An R Introduction to Statistics

Estimated Simple Regression Equation

If we choose the parameters α and β in the simple linear regression model so as to minimize the sum of squares of the error term ϵ, we will have the so called estimated simple regression equation. It allows us to compute fitted values of y based on values of x.

ˆy = a+ bx

Problem

Apply the simple linear regression model for the data set faithful, and estimate the next eruption duration if the waiting time since the last eruption has been 80 minutes.

Solution

We apply the lm function to a formula that describes the variable eruptions by the variable waiting, and save the linear regression model in a new variable eruption.lm.

> eruption.lm = lm(eruptions ~ waiting, data=faithful)

Then we extract the parameters of the estimated regression equation with the coefficients function.
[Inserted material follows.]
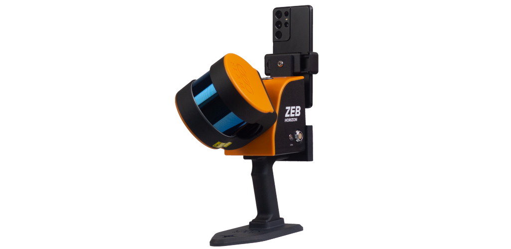 The mobile device attachment mounts onto the ZEB Horizon, which is a powerful mobile LiDAR scanner. The key features of the ZEB Horizon include:

> coeffs = coefficients(eruption.lm); coeffs 
(Intercept)     waiting 
  -1.874016    0.075628

We now fit the eruption duration using the estimated regression equation.

> waiting = 80           # the waiting time 
> duration = coeffs[1] + coeffs[2]*waiting 
> duration 
(Intercept) 
     4.1762

Answer

Based on the simple linear regression model, if the waiting time since the last eruption has been 80 minutes, we expect the next one to last 4.1762 minutes.

Alternative Solution

We wrap the waiting parameter value inside a new data frame named newdata.

> newdata = data.frame(waiting=80) # wrap the parameter

Then we apply the predict function to eruption.lm along with newdata.

> predict(eruption.lm, newdata)    # apply predict 
     1 
4.1762